What you are asked to do.
The answer is the exact run of lines in the listing below from the line containing "I also saw this" up to and including the line containing "SEM images of", with pictures removed.

Data records.
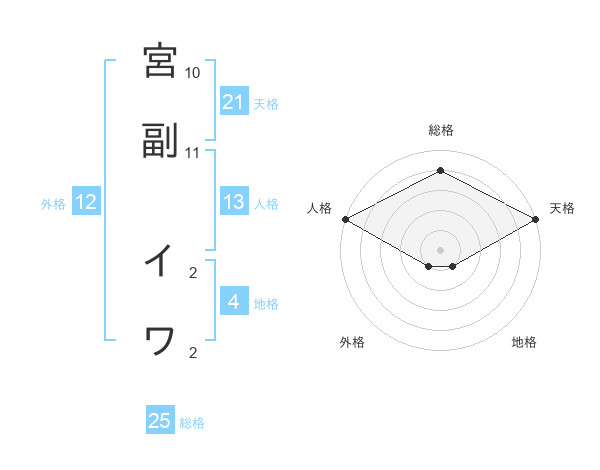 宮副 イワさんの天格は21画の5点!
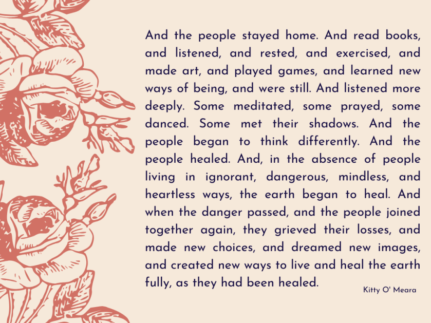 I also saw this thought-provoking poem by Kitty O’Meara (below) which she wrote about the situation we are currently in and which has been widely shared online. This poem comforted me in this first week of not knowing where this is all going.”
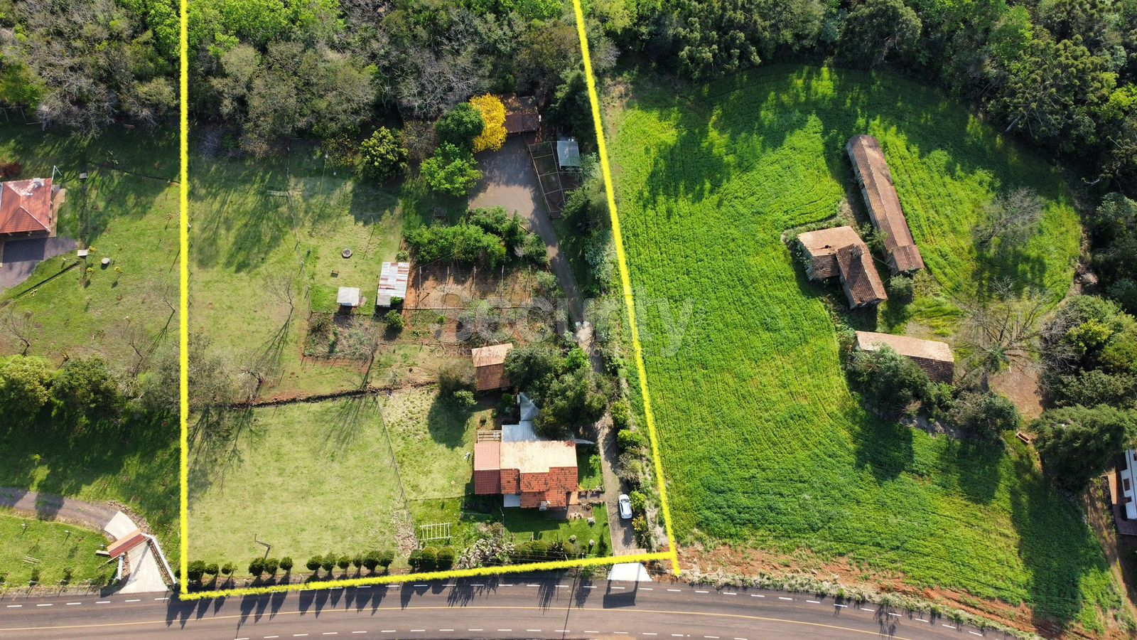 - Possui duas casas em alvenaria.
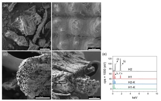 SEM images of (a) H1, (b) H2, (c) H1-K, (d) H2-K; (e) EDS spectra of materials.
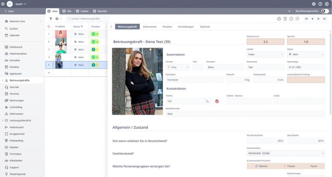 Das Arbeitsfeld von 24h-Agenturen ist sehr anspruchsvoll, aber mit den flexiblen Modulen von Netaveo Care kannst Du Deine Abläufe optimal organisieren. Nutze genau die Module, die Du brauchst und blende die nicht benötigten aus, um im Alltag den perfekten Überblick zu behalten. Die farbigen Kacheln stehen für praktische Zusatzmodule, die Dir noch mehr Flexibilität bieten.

--

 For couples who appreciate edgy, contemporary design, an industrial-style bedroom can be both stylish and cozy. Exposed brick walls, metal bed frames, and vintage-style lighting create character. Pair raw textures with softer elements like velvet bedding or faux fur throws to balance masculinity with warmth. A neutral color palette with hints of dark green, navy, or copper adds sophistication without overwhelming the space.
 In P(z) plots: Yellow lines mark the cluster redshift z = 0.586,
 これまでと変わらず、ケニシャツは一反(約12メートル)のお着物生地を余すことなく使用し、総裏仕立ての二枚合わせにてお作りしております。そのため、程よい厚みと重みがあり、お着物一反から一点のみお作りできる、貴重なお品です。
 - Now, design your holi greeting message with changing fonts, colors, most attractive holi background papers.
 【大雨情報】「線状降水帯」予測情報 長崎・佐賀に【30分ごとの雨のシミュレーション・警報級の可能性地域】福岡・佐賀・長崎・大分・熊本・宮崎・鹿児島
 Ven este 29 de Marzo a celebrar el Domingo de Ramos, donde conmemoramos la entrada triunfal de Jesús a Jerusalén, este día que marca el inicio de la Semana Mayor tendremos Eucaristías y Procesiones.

--

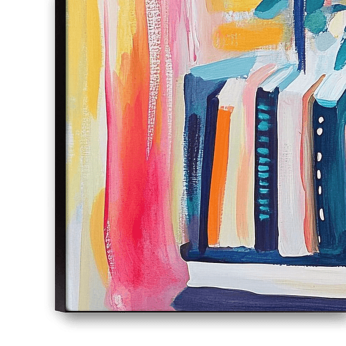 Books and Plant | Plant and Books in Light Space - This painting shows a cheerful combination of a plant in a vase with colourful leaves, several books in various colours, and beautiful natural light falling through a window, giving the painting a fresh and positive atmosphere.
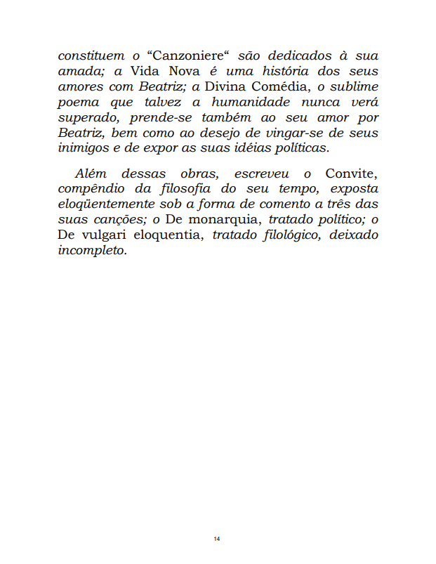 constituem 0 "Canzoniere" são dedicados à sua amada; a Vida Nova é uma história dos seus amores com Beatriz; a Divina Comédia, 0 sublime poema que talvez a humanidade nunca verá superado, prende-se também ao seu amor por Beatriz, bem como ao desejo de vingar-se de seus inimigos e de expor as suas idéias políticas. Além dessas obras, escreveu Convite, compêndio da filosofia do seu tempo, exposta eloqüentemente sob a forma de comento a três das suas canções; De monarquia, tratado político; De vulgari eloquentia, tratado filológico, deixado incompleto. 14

Output of the exercise.
 I also saw this thought-provoking poem by Kitty O’Meara (below) which she wrote about the situation we are currently in and which has been widely shared online. This poem comforted me in this first week of not knowing where this is all going.”
 - Possui duas casas em alvenaria.
 SEM images of (a) H1, (b) H2, (c) H1-K, (d) H2-K; (e) EDS spectra of materials.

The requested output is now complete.